Promoting the desired behaviour change to the target group involves more than just developing a logo. The tone, personality and emotional benefits of the product all need to match the target group's needs . Methods of promotion include:
- branding, for example: Queensland Stay On Your Feet® trademark
- advertising (television commercials and radio/print advertising)
- public relations (developing goodwill through activities such as launches)
- media publicity (advocacy for unpaid media coverage using media releases and media interviews)
- direct mail
- interpersonal communication (for example: word of mouth via health professionals and peer educators).
Monitoring and evaluation
Evaluation of social marketing is very similar to the evaluation of projects/programs. To evaluate a social marketing strategy properly, you will need to undertake formative evaluation (market research), process evaluation, impact evaluation and outcome evaluation.
This involves conducting focus groups with the target group and key stakeholders to determine their reaction to key messages and materials. This will also involve adapting materials according to their responses and conducting further focus groups.

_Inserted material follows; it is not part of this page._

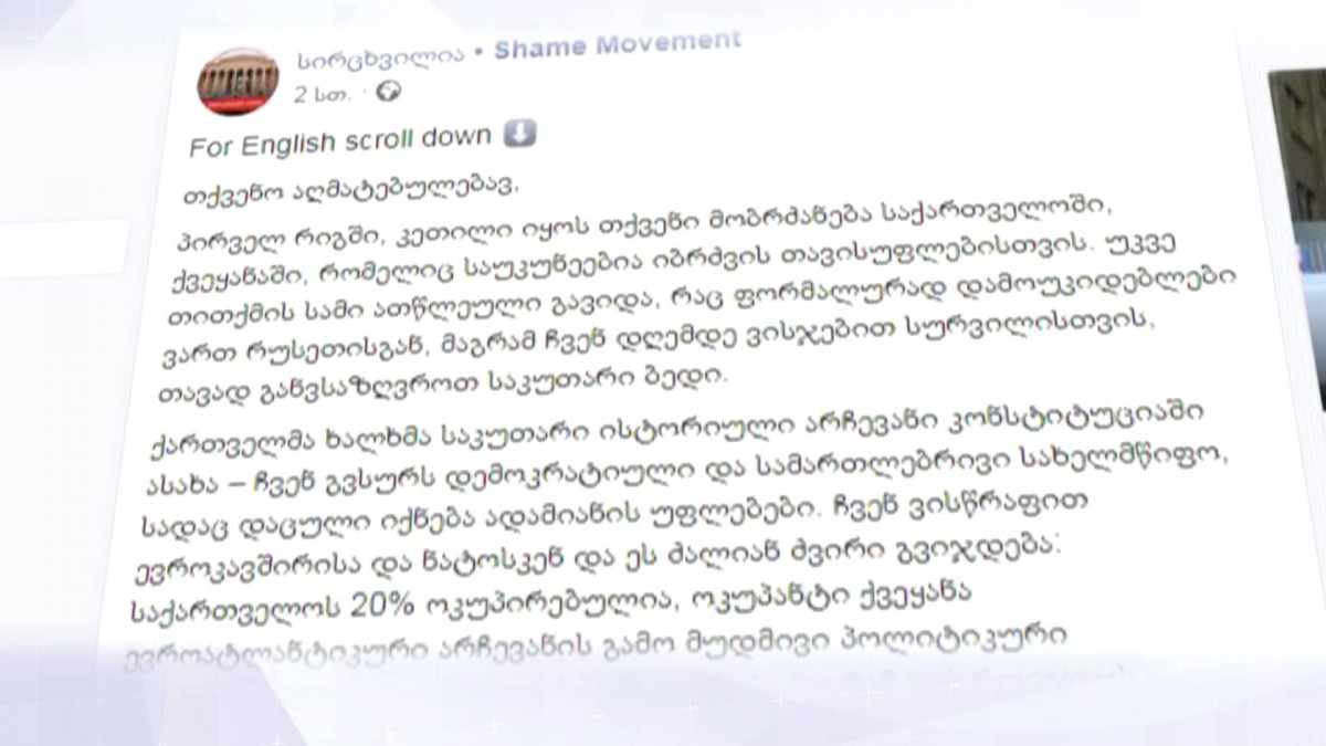 მოძრაობა "სირცხვილია" საქართველოში ამერიკის შეერთებული შტატების ახლადდანიშნულ ელჩს, კელი დეგნანს მიმართავს. მოძრაობის აქტივისტები დიპლომატს დახმარებას სთხოვენ. მათ მიერ გავრცელებულ განცხადებაში საუბარია ე.წ. გავრილოვის ღამეზე და ქვეყანაში ბოლო პერიოდის განმავლობაში განვითარებულ მოვლენებზე. "ქართველმა ხალხმა საკუთარი ისტორიული არჩევანი კონსტიტუციაში ასახა – ჩვენ გვსურს დემოკრატიული და სამართლებრივი სახელმწიფო, სადაც დაცული იქნება ადამიანის უფლებები. ჩვენ ვისწრაფით ევროკავშირისა და ნატოსკენ და ეს ძალიან ძვირი გვიჯდება: საქართველოს 20% ოკუპირებულია, ოკუპანტი ქვეყანა ევროატლანტიკური არჩევანის გამო მუდმივი პოლიტიკური დესტაბილიზაციით გვიხდის სამაგიეროს, მაგრამ საქართველოს სამოქალაქო საზოგადოება ბრძოლას მაინც აგრძელებს. პროპორციული არჩევნები ჩვენი აქციების 3 მოთხოვნიდან უმნიშვნელოვანესი იყო, რადგან არსებული შერეული სისტემა ვერ უზრუნველყოფს საზოგადოებრივი ჯგუფების სრულყოფილ რეპრეზენტაციას საკანონმდებლო ორგანოში.“ -აღნიშნულია განცხადებაში. "გვინდა გთხოვოთ, დაეხმაროთ საქართველოს სამოქალაქო საზოგადოებას, რათა ქვეყანამ მყარი ნაბიჯები გადადგას დასავლეთისკენ, დემოკრატიისკენ, თავისუფლებისკენ და ეკონომიკური აღმავლობისკენ, რისი მიღწევაც პოლიტიკური სტაბილურობის გარეშე შეუძლებელია. გთხოვთ, გამოიყენოთ თქვენს ხელთ არსებული ყველა მექანიზმი, რათა დაარწმუნოთ მმართველი პარტია, შეასრულოს საზოგადოების დაკვეთა და მიიღოს სამართლიანი საარჩევნო სისტემა", - ნათქვამია განცხადებაში.

Process evaluation involves monitoring and recording social marketing activities, including:
- the number of resources distributed
- the number of commercials aired, television news coverage and total air time
- the number and content of print media coverage
- the reach of the materials (recorded by the number and proportion of the target group who reported receiving the materials and/or seeing and hearing the commercials)
- the number of people who attended events relating to the project/program, for example: expos.
For a template showing Communications activity, visit: Media Log
Impact evaluation measures any changes in the target group regarding key objectives of the social marketing plan, including:
- the ability to recall key messages (prompted and unprompted)
- changes in attitudes, for example: a shift in attitudes from believing falls are inevitable to believing falls are preventable
- changes in behaviour, for example: increased physical activity
- changes in intention to undertake the promoted behaviour.
Outcome evaluation measures whether the social marketing campaign has contributed to the overall reduction in falls and harm from falls.